そう覚悟を決めても、黒鋼に嫌われるのだろうかと思うとやはり心は痛む。
「わかっています」
彼の言葉に、喜びに打ち震えた時と同じように、やはり瞳が熱くなって瞼を閉ざした。それなのに、こんなにも心の色は違ってしまっている。
悲しい時に感じる思いと、嬉しい時に感じる思いが、何故こんなにも似通ってしまっているのか、とファイは不意に可笑しくなった。
それでも、知世に微笑み返すことが出来て、良かったのだと思う。


襖の開く音がしたが、ファイは動かなかった。
黒鋼の目が驚きに見開かれるのが分かった。
一目で分かったはずだ。
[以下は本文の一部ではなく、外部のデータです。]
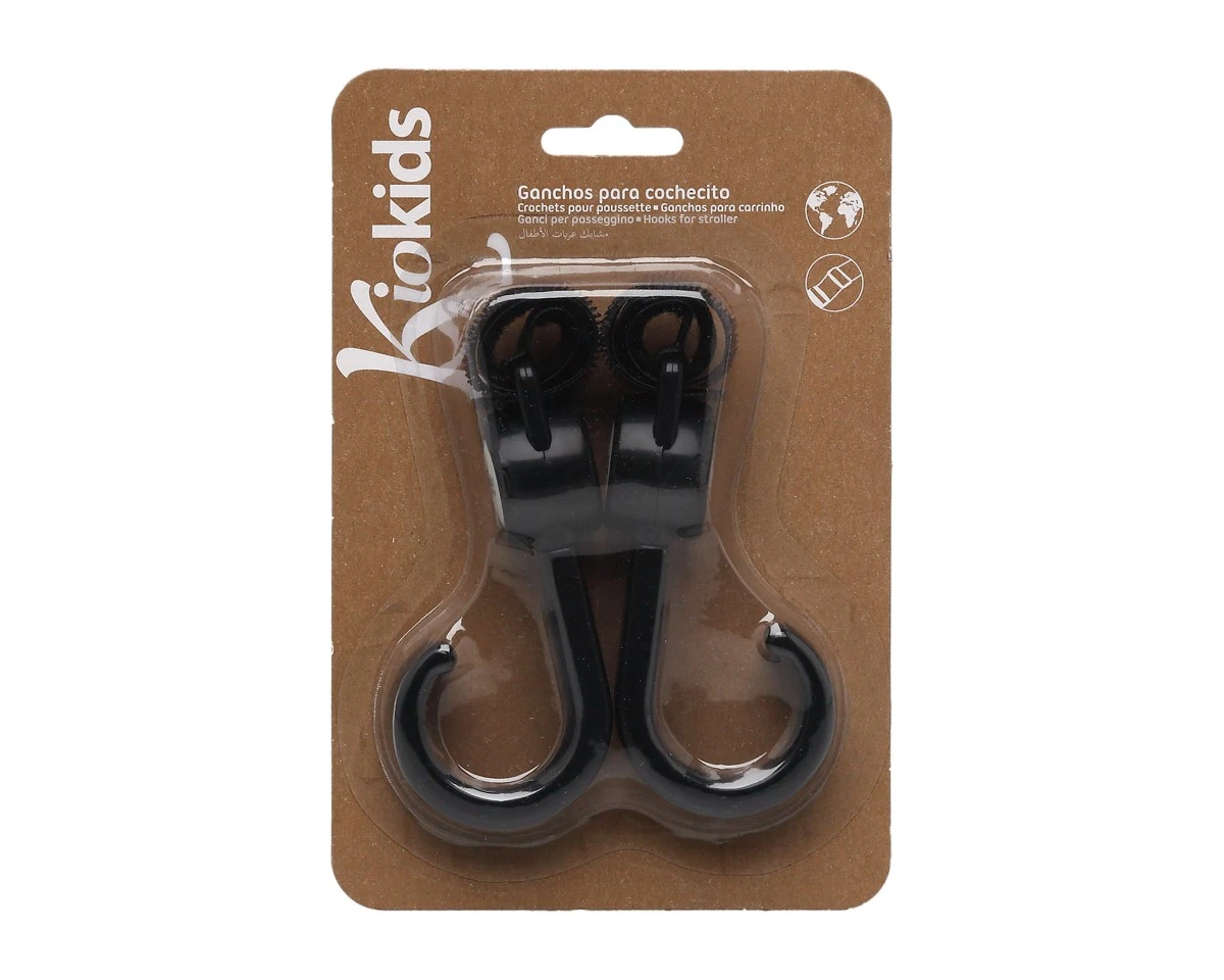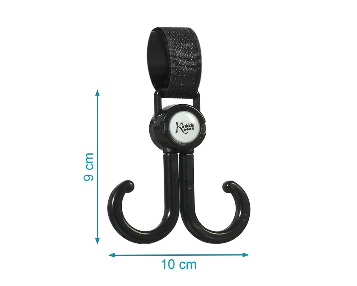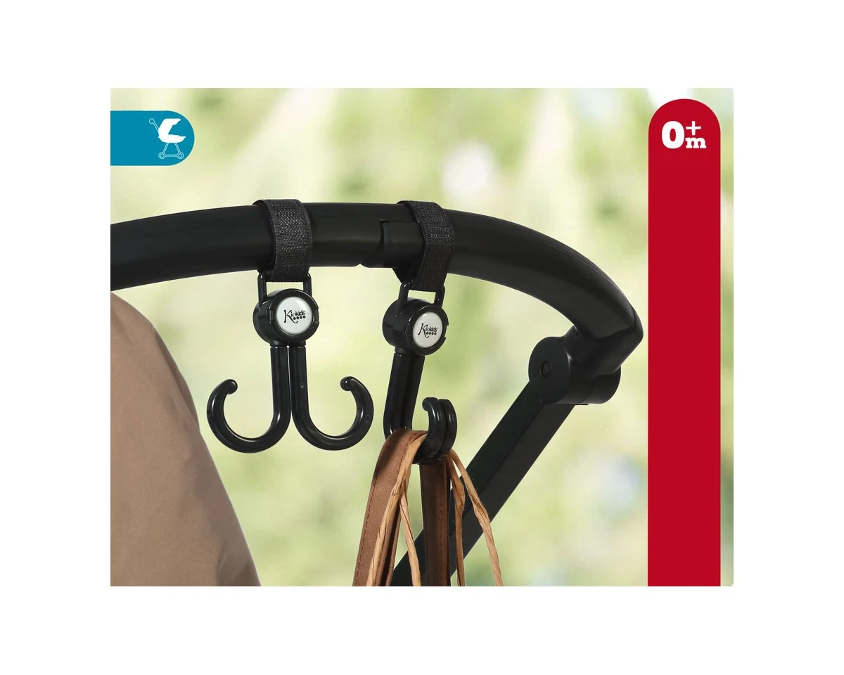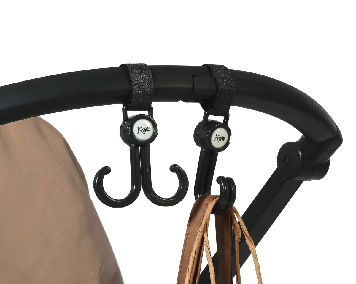 Prácticos y resistentes ganchos dobles con rotación de 360º, diseñados para colgar bolsas, mochilas u otros accesorios en el carrito del bebé. Se fijan fácilmente al manillar de cualquier cochecito o sillita gracias a su sistema de velcro ajustable, compatible con distintos grosores.

ファイの体が、彼が知り尽くしたものではないことに。
元の性を捨てた体だ。彼が慈しんでくれたのは。

少しだけ丸みを帯びた頬から顎の輪郭。細く、小さな肩の線。
緩やかな衣服の上からでもはっきりと分かるほど、これは『女』の体。

魔術で性を偽り、男として存在していた自分を、黒鋼は愛してくれたのだ。
男の体の時には、何故自分が女でないのか、と嘆いたこともある。けれど女の体になった今、嬉しいよりも誇らしいよりも、騙し続けていたのだという罪悪感と情けなさで胸が塞がれるようだった。
なんという矛盾だろう、と自嘲する。

気持ち悪いと、おぞましいと忌避されるのを当然のこととしてファイは微笑んだ。

初めて見せた女としての笑みに、黒鋼が見入られたことは知らぬまま。